Voice Services
Moltis provides text-to-speech (TTS) and speech-to-text (STT) capabilities
through the moltis-voice crate and gateway integration.
Feature Flag
Voice services are behind the voice cargo feature, enabled by default:
# Cargo.toml (gateway crate)
[features]
default = ["voice", ...]
voice = ["dep:moltis-voice"]
To disable voice features at compile time:
cargo build --no-default-features --features "file-watcher,tailscale,tls,web-ui"
When disabled:
- TTS/STT RPC methods are not registered
- Voice settings section is hidden in the UI
- Microphone button is hidden in the chat interface
voice_enabled: falseis set in the gon data
Architecture
┌─────────────────────────────────────────────────────────────┐
│ Voice Crate │
│ (crates/voice/) │
├─────────────────────────────────────────────────────────────┤
│ TtsProvider trait │ SttProvider trait │
│ ├─ ElevenLabsTts │ ├─ WhisperStt (OpenAI) │
│ ├─ OpenAiTts │ ├─ GroqStt (Groq) │
│ ├─ GoogleTts │ ├─ DeepgramStt │
│ ├─ PiperTts (local) │ ├─ GoogleStt │
│ └─ CoquiTts (local) │ ├─ MistralStt │
│ │ ├─ VoxtralLocalStt (local) │
│ │ ├─ WhisperCliStt (local) │
│ │ └─ SherpaOnnxStt (local) │
└─────────────────────────────────────────────────────────────┘
│
▼
┌─────────────────────────────────────────────────────────────┐
│ Gateway Services │
│ (crates/gateway/src/voice.rs) │
├─────────────────────────────────────────────────────────────┤
│ LiveTtsService │ LiveSttService │
│ (wraps TTS providers) │ (wraps STT providers) │
└─────────────────────────────────────────────────────────────┘
│
▼
┌─────────────────────────────────────────────────────────────┐
│ RPC Methods │
├─────────────────────────────────────────────────────────────┤
│ tts.status, tts.providers, tts.enable, tts.disable, │
│ tts.convert, tts.setProvider │
│ stt.status, stt.providers, stt.transcribe, stt.setProvider │
└─────────────────────────────────────────────────────────────┘
Text-to-Speech (TTS)
Supported Providers
Moltis supports multiple TTS providers across cloud and local backends.
| Category | Notes |
|---|---|
| Cloud TTS providers | Hosted neural voices with low-latency streaming |
| Local TTS providers | Offline/on-device synthesis for privacy-sensitive workflows |
More voice providers are coming soon.
Configuration
Set API keys via environment variables:
export ELEVENLABS_API_KEY=your-key-here
export OPENAI_API_KEY=your-key-here
Or configure in moltis.toml:
[voice.tts]
enabled = true
# provider = "openai" # Omit to auto-select the first configured provider
providers = [] # Optional UI allowlist, empty = show all TTS providers
auto = "off" # "always", "off", "inbound", "tagged"
max_text_length = 2000
[voice.tts.elevenlabs]
api_key = "sk-..."
voice_id = "21m00Tcm4TlvDq8ikWAM" # Rachel (default)

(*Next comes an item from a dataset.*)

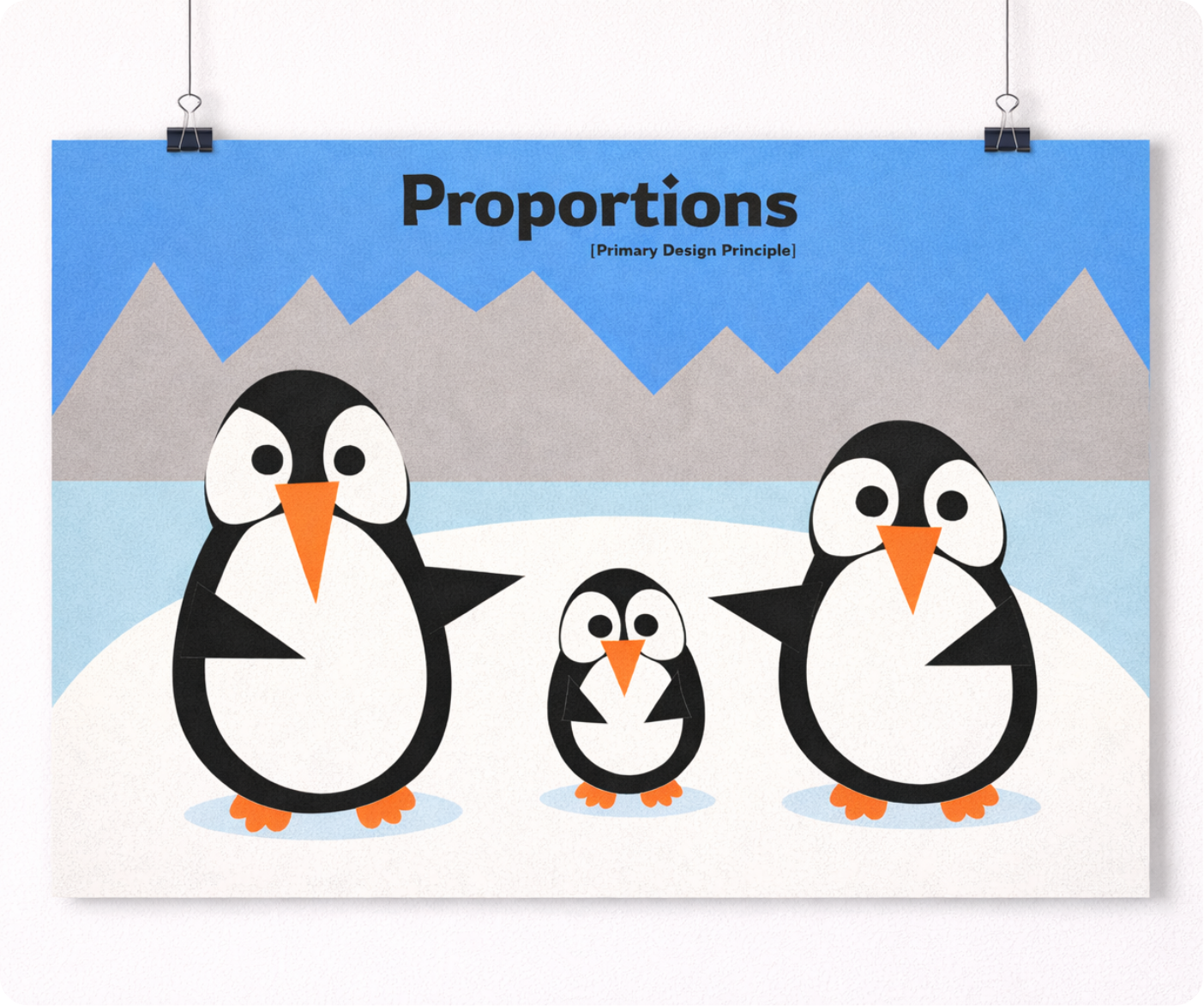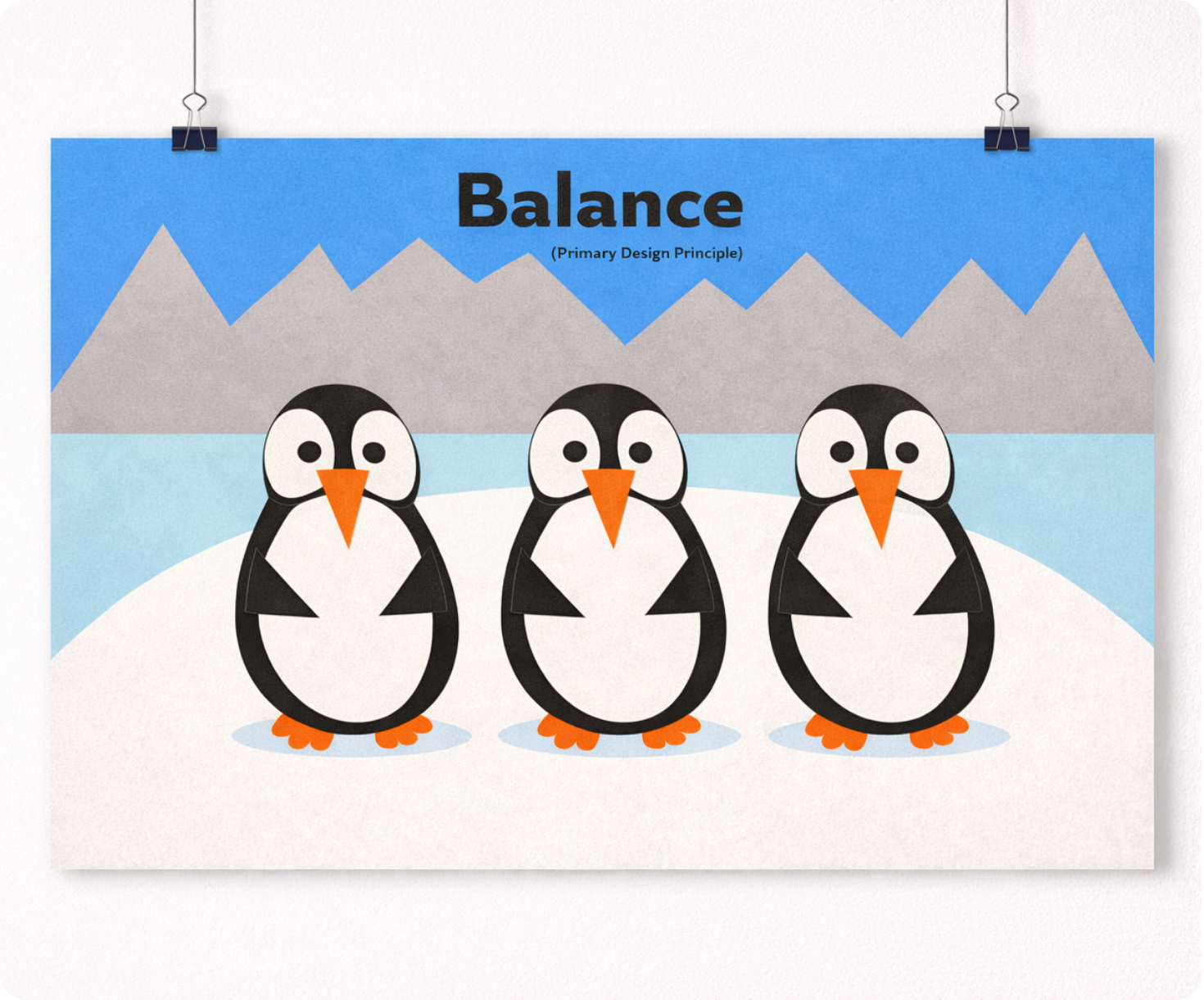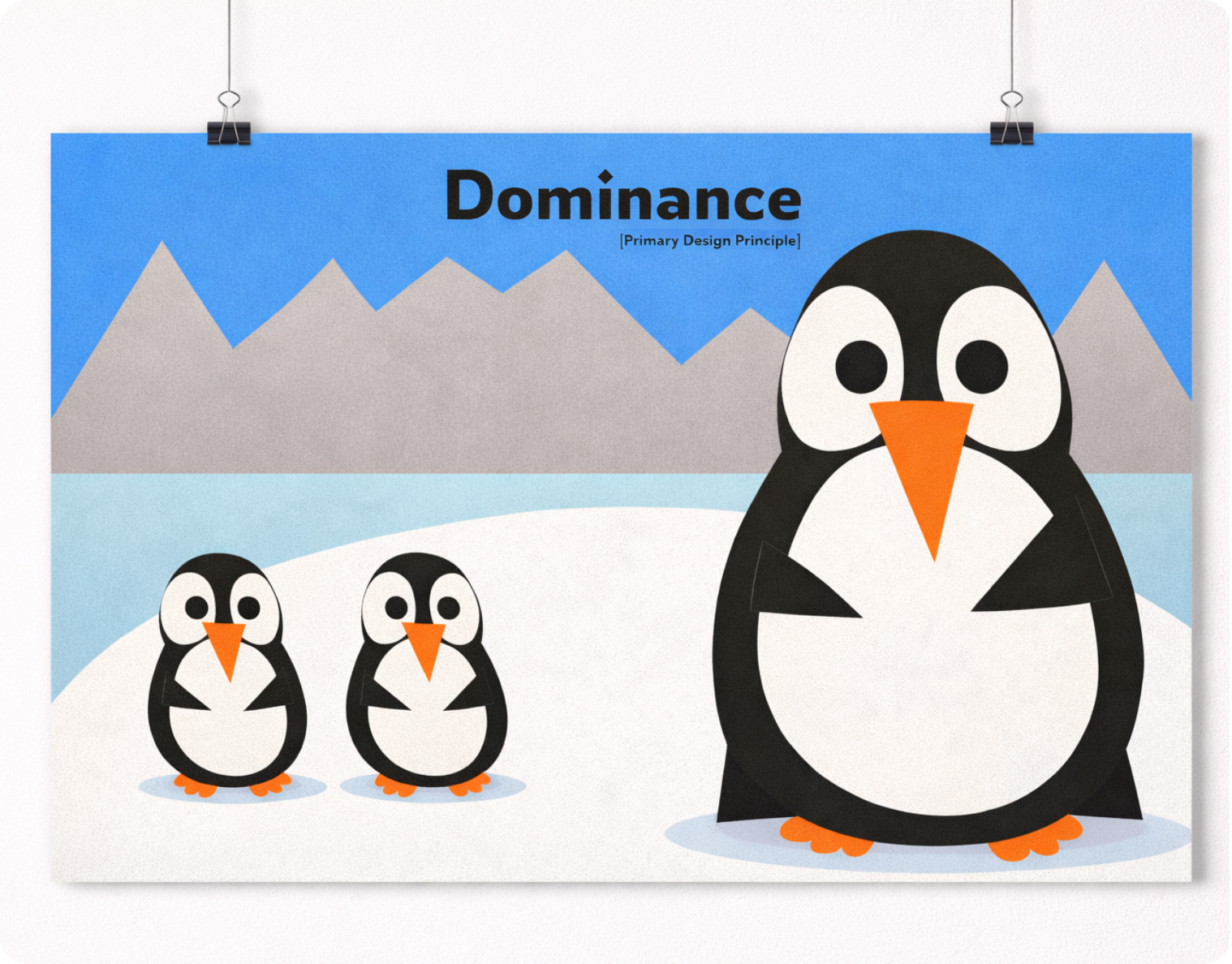 This poster series explores fundamental design principles through a cohesive cut-paper visual style. Using stylized penguin characters in a simplified arctic environment, each composition focuses on a specific concept—unity, balance, variety, hierarchy, proportions, and dominance.

model = "eleven_flash_v2_5"
stability = 0.5
similarity_boost = 0.75
[voice.tts.openai]
# No api_key needed if OpenAI is configured as an LLM provider or OPENAI_API_KEY is set.
# api_key = "sk-..."
# base_url = "http://10.1.2.30:8003" # Override for OpenAI-compatible servers (e.g. Chatterbox)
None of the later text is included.